The administration of honey can reduce sflt-1 levels in mice preeclampsia models, honey plays a role in suppressing sFlt-1 bonds so that levels in the blood decreases and causes improvement of endothelial dysfunction. Honey can improve the endothelial tubular seminiferous tissue in immunohistochemical observation .
sFlt-1 levels should increase in pregnancy compared to non-pregnancy conditions. The placenta is known as the main source of sVEGFR1 although endothelial tissue can produce a small amount of sVEGFR. In normal pregnancy there is an increase in sVEGFR1 20 times the normal value, this is caused by hypoxia in the placenta in early pregnancy, but in preeclampsia, sVEGFR1 levels can increase up to 43 times .
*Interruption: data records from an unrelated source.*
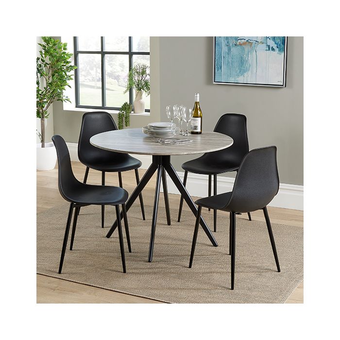 Aspen Grey Oak Round Dining Table With 4 Black Curve Plastic Chairs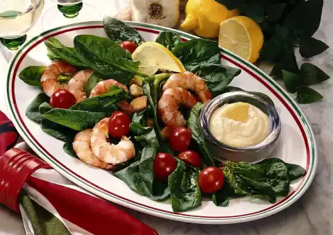 Season dip to taste with salt, pepper and lemon juice. Remove the scampi from their skin, leaving the tail pieces standing. Cut the scampi in the back and remove the black intestine. Arrange spinach, cherry tomatoes and scampi on a plate and sprinkle with the bread croutons. Pour the dip into a small bowl. Serve salad and dip garnished with lemon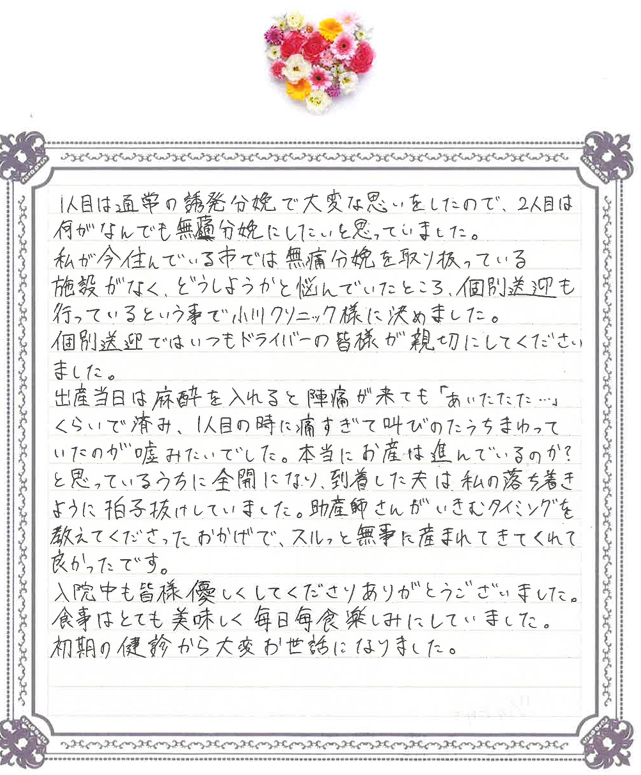 『私が今住んでいる市では無痛分娩を取り扱っている施設がなく、どうしようかと悩んでいたところ、 個別送迎も行っているという事で小川クリニック様に決めました。 個別送迎ではいつもドライバーの皆様が親切にしてくださいました。 』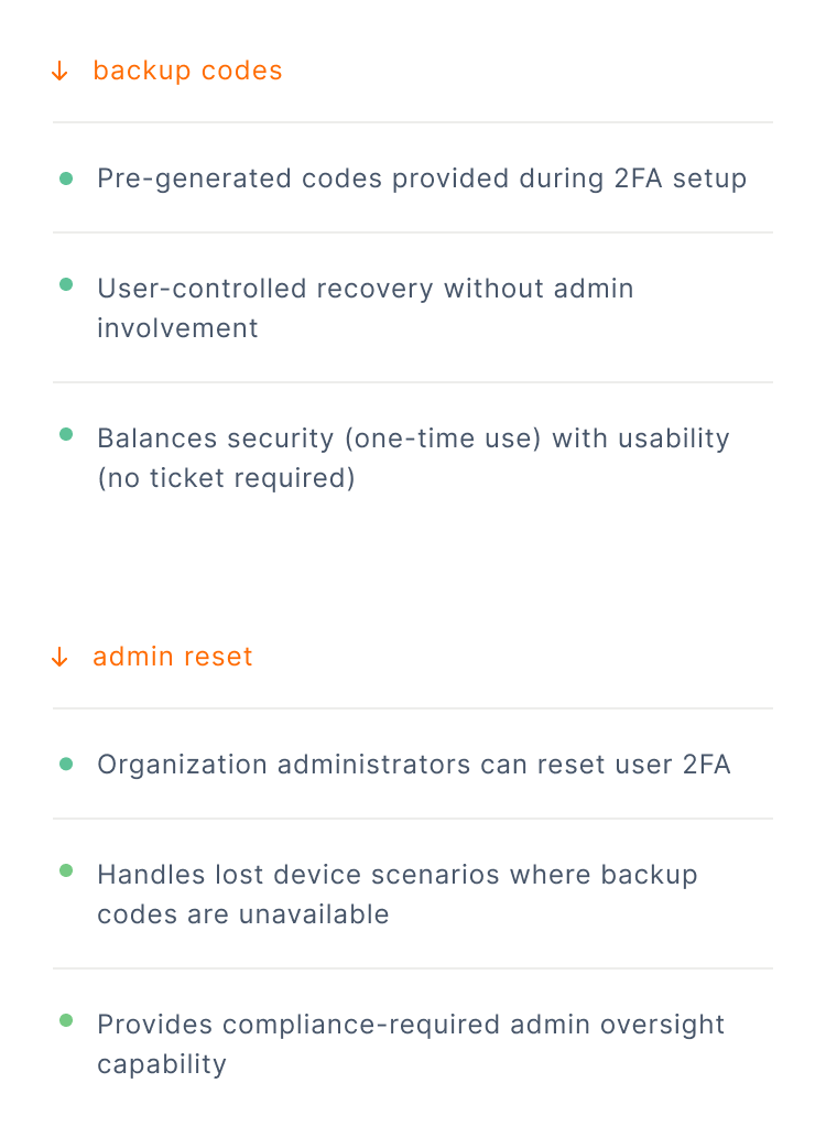 No product offers 2FA on free tiers because the need typically emerges during enterprise procurement, and not during initial product evaluation. When 2FA becomes required, enterprises also expect reliable recovery options for native accounts.

Hypoxia states is a major trigger for increased expression of VEGFR1 in the placenta as well as an increase in sVEGFR1, and higher doses show a better suppressing effect .
Soluable endoglin (sENG) is another anti-angiogenic biomarker that is regulated in preeclampsia with a pattern similar to sFLT-1. ZINC is a truncated form of endoglin (CD105), a cell surface receptor to change the β-growth factor (TGF-β), which binds to and opposes TGF-β. ZIN strengthens vascular damage mediated by sFLT-1 in pregnant mice, inducing syndromes such as severe preeclampsia with features of HELLP syndrome. Like sFLT-1, circulating ZY levels increase several weeks before the onset of preeclampsia, and an increase in ZY levels is observed in a mouse model of reduced uterine perfusion pressure from preeclampsia .
The mechanism that explains the high expression of endoglin in the presence of placental hypoxia is based on the fact that the endoglin gene promoter has hypoxic responsive element (HRE) regions. HIF-1, in collaboration with Sp1 and CBP/P300 coactivators bound to this region stimulates endoglin expression. This stimulating effect is further enhanced when the HIF-α/Sp1 complex collaborates with the TGF β/Smad signaling pathway. On the other hand, there are data showing that the increase in Eng expression observed in pre-eclampsia can also be mediated, at least in part, by HIF-1 α, perhaps through activation of the TGF-β3 pathway. Tal R. et al. Have demonstrated the effect of overexpression of HIF-1 in pregnant mice using adenoviruses that express constitutively active and stable HIF-1 [11, 12].
Honey has an anti-inflammatory-inducing effect on cells, through intervention in the angiogenesis process that relies on VEGF . As we know, hypoxia occurs in preeclampsia, this will cause the process of angiogenesis induced by HIF-α in the placenta.
Honey administration significantly reduced sFlt-1 levels in rat model of preeclampsia, and a greater dose of honey had an effect on strengthening the effect of honey in reducing sFlt-1 levels. Honey administration significantly increased VEGF levels in preeclampsia mice (p = 0.034). Honey administration significantly decreased s-Eng levels in preeclampsia mice, and administration of a larger dose of honey had an effect on strengthening the effect of honey in reducing s-Eng levels (p = 0.012).
All the authors have contributed equally.
The authors declare that this research was conducted without any commercial offinancialrelationship that could be seen as a potential conflict of interest.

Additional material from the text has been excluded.